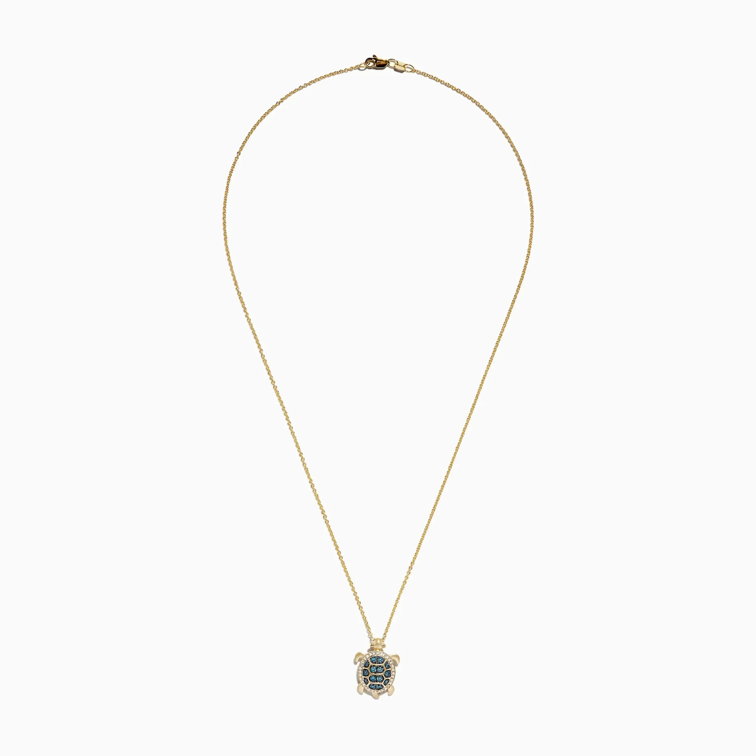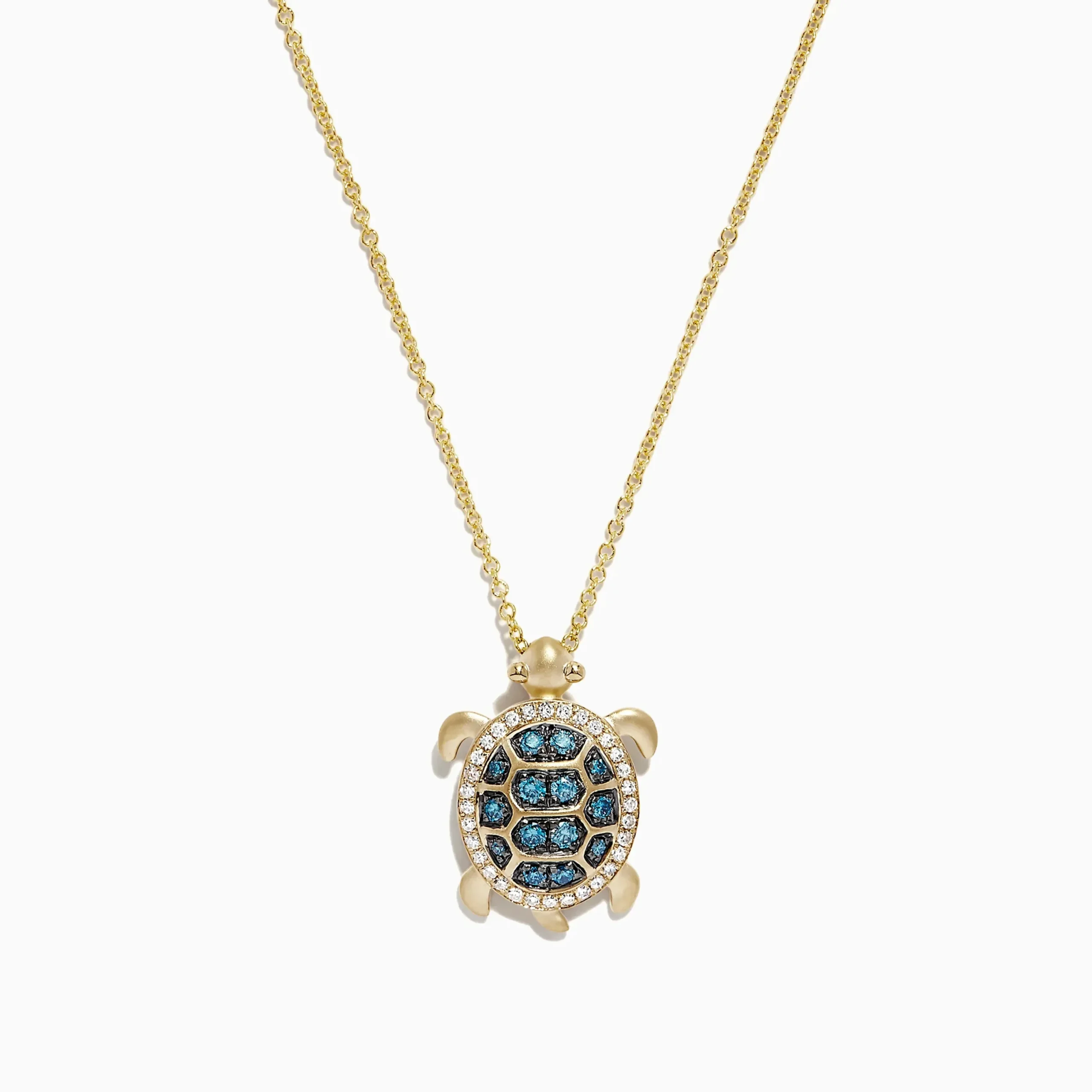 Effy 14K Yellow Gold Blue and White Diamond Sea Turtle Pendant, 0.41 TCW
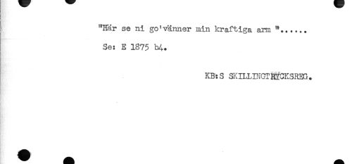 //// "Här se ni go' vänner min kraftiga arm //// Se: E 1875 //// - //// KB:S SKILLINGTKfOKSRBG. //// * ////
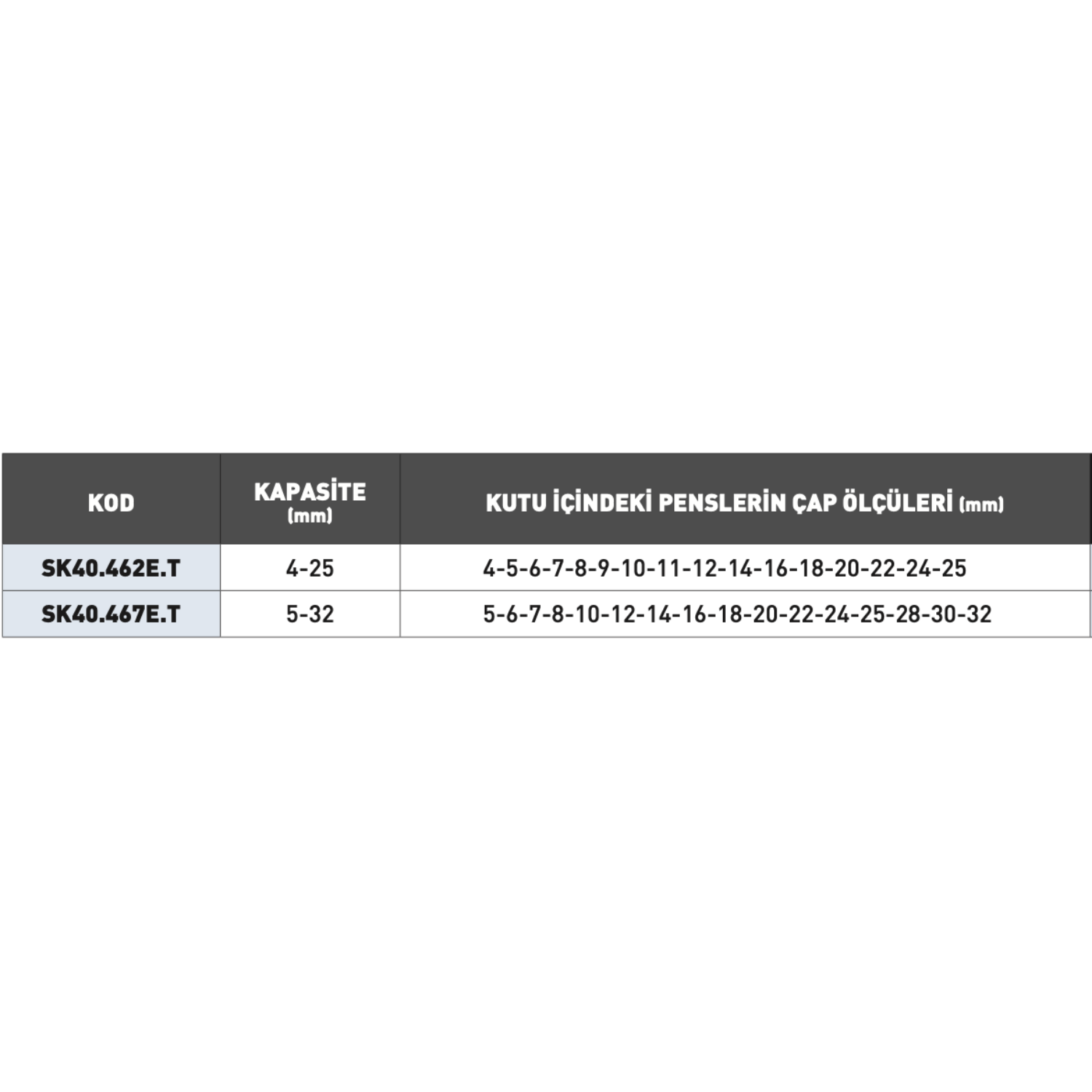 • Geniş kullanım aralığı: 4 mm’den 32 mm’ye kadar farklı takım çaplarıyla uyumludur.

> [Directions for this task]: The whole listing is to be duplicated verbatim, apart from its images.

> [Solution]:
 Effy 14K Yellow Gold Blue and White Diamond Sea Turtle Pendant, 0.41 TCW
 //// "Här se ni go' vänner min kraftiga arm //// Se: E 1875 //// - //// KB:S SKILLINGTKfOKSRBG. //// * ////
 • Geniş kullanım aralığı: 4 mm’den 32 mm’ye kadar farklı takım çaplarıyla uyumludur.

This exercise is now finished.